EXERCISE INPUTS:
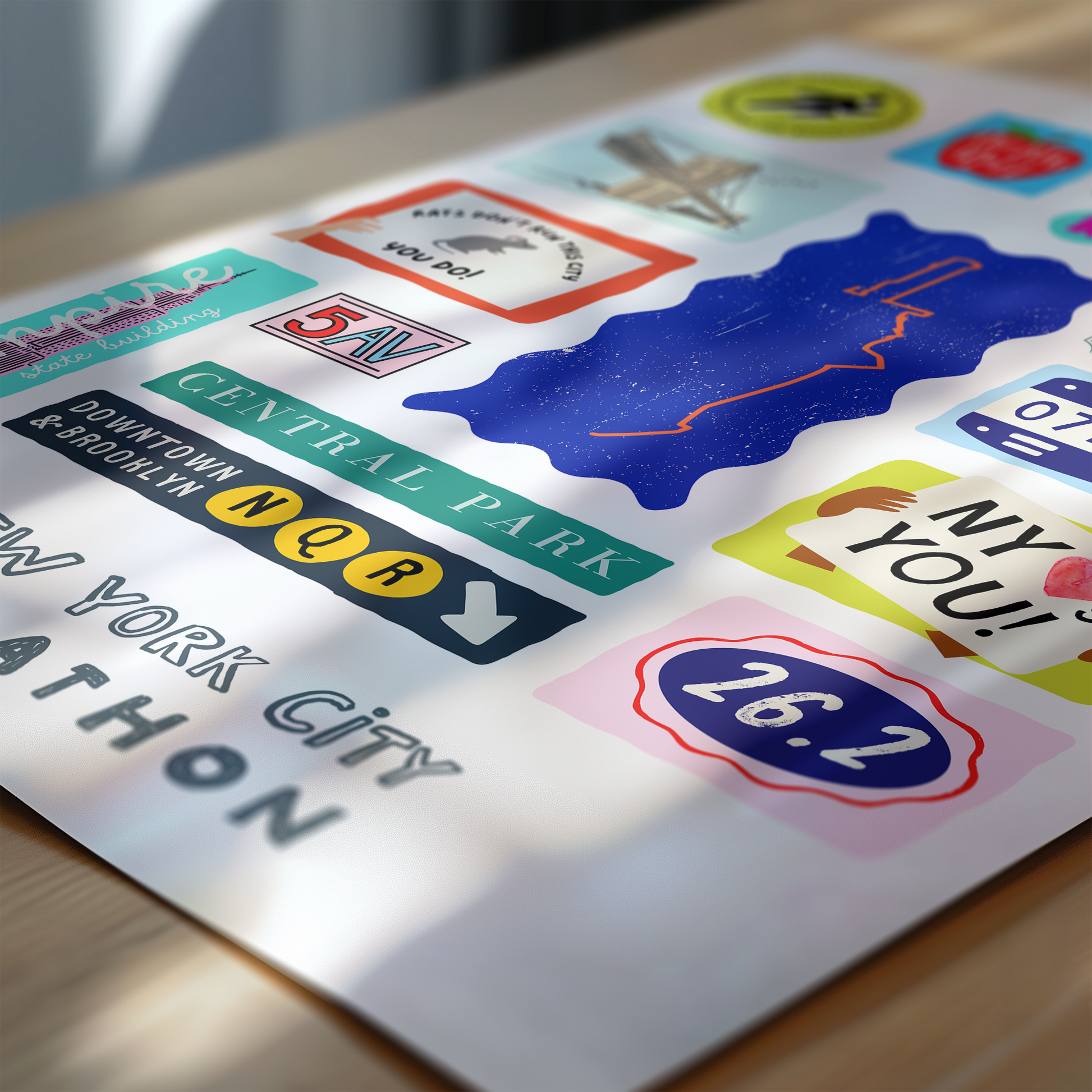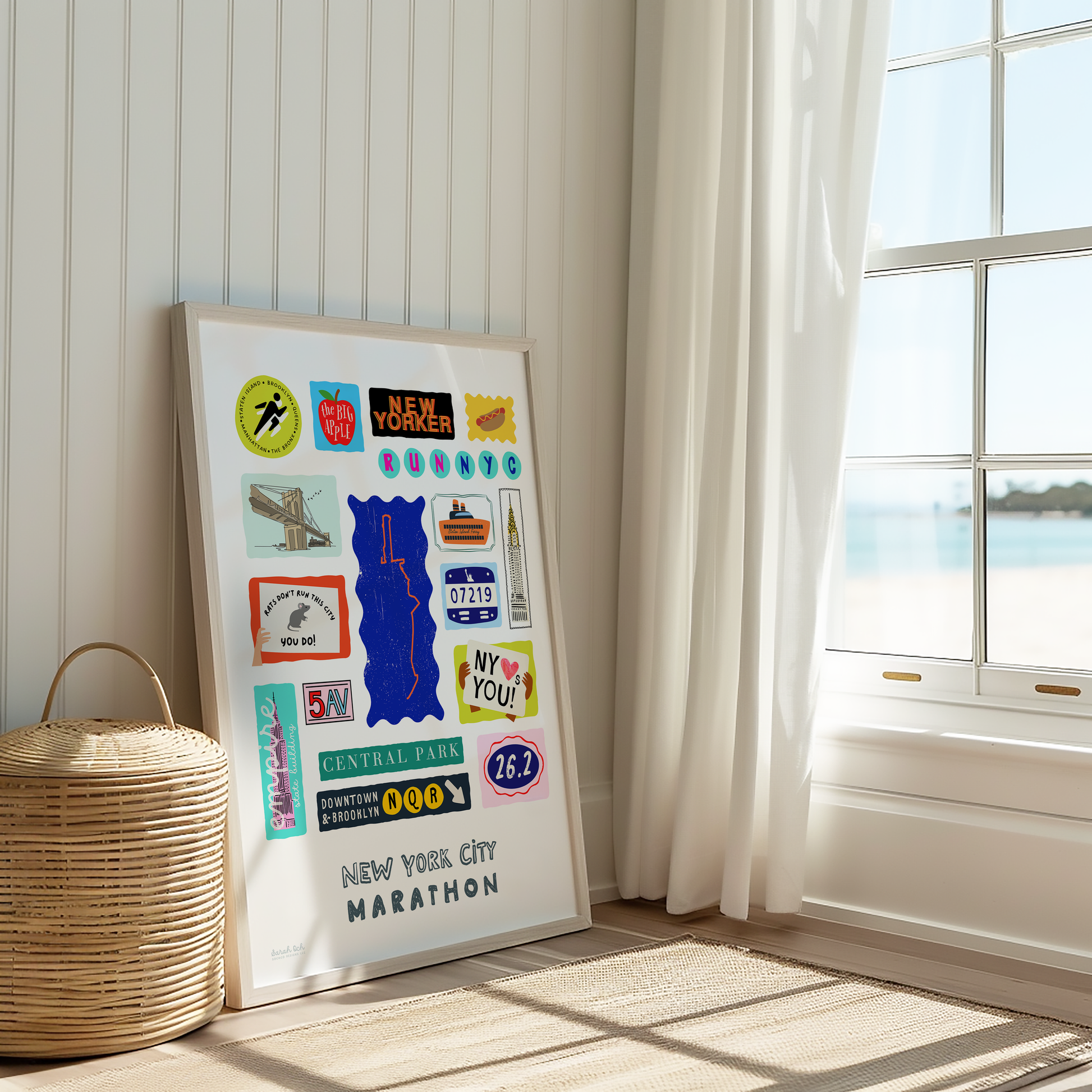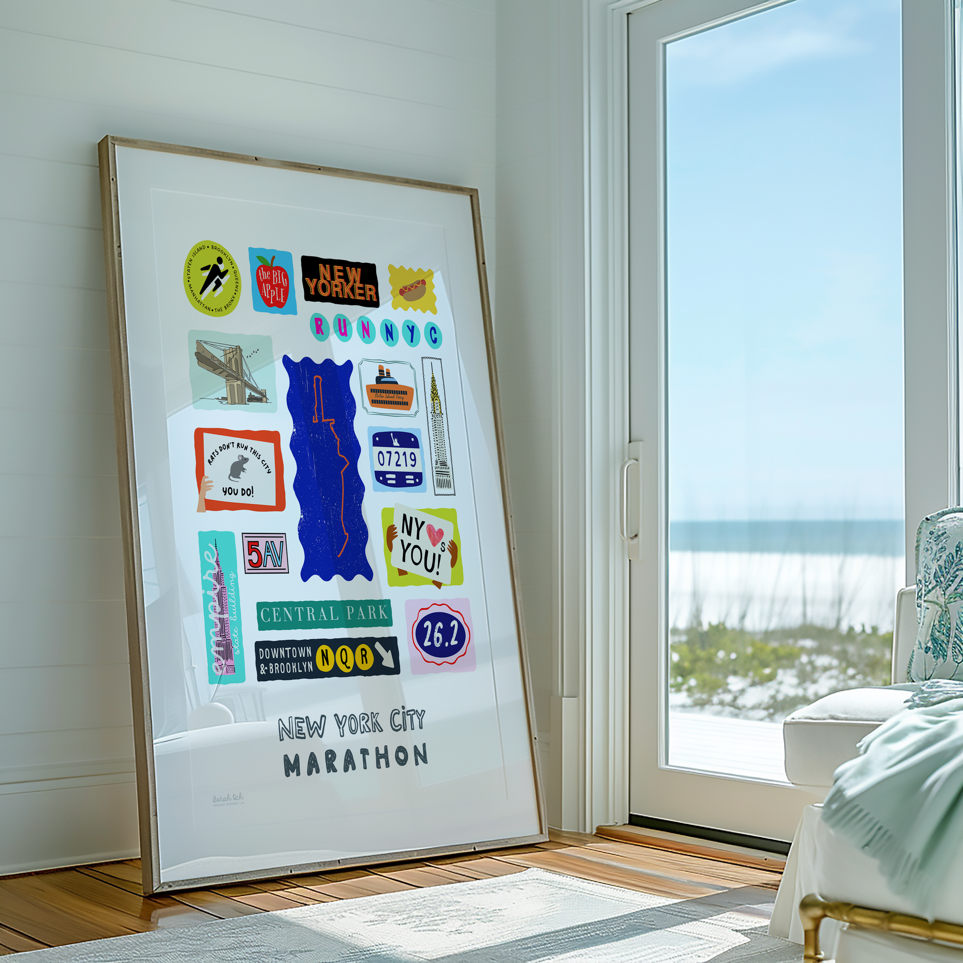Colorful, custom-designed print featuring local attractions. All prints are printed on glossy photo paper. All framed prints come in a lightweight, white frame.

--

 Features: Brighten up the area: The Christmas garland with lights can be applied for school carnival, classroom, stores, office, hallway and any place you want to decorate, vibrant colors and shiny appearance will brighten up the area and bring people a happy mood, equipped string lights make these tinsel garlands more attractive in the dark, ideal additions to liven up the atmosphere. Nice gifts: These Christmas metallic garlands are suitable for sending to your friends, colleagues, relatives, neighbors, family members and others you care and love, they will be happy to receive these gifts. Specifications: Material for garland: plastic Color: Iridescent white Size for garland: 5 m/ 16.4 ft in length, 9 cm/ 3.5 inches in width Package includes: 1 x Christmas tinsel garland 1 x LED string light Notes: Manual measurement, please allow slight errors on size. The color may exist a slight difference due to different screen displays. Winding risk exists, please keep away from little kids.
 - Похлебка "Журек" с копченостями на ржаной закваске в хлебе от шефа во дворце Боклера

==

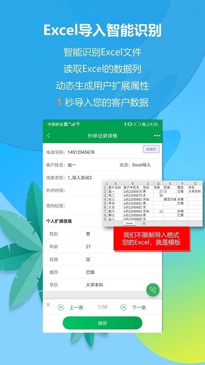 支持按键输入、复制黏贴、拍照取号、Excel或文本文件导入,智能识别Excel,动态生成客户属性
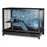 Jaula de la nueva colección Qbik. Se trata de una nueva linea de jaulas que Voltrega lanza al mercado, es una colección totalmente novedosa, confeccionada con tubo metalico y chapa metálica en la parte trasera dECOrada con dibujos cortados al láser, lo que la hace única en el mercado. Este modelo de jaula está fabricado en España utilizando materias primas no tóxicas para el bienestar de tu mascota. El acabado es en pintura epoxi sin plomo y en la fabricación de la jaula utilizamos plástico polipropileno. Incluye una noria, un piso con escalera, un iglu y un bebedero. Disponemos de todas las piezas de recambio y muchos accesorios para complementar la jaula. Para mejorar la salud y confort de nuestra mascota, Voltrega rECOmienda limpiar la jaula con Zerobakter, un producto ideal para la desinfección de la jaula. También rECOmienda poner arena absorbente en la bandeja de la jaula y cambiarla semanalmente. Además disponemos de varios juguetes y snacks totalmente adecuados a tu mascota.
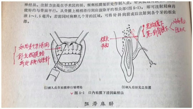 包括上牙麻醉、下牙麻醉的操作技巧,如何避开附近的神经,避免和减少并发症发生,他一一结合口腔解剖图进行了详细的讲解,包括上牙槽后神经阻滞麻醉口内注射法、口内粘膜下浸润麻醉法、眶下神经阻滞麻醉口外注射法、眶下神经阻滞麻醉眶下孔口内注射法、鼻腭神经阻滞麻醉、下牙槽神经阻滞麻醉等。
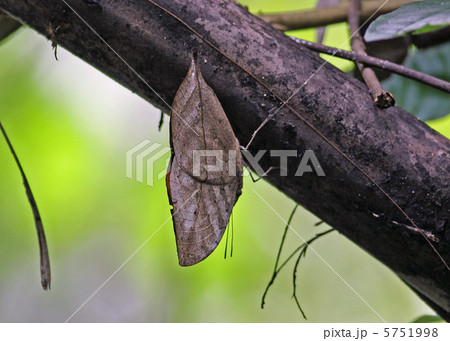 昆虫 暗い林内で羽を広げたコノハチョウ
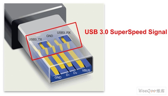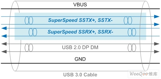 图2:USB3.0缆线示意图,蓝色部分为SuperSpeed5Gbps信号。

WORK REQUEST: For the entries above, print exactly the lines between the one with "包括上牙麻醉、下牙麻醉的操作" and the one with "图2:USB3.0缆线示意图,蓝色部分为SuperSpeed5Gbps信号。", inclusive, with no pictures.

ANSWER TO THE EXERCISE:
 包括上牙麻醉、下牙麻醉的操作技巧,如何避开附近的神经,避免和减少并发症发生,他一一结合口腔解剖图进行了详细的讲解,包括上牙槽后神经阻滞麻醉口内注射法、口内粘膜下浸润麻醉法、眶下神经阻滞麻醉口外注射法、眶下神经阻滞麻醉眶下孔口内注射法、鼻腭神经阻滞麻醉、下牙槽神经阻滞麻醉等。
 昆虫 暗い林内で羽を広げたコノハチョウ
 图2:USB3.0缆线示意图,蓝色部分为SuperSpeed5Gbps信号。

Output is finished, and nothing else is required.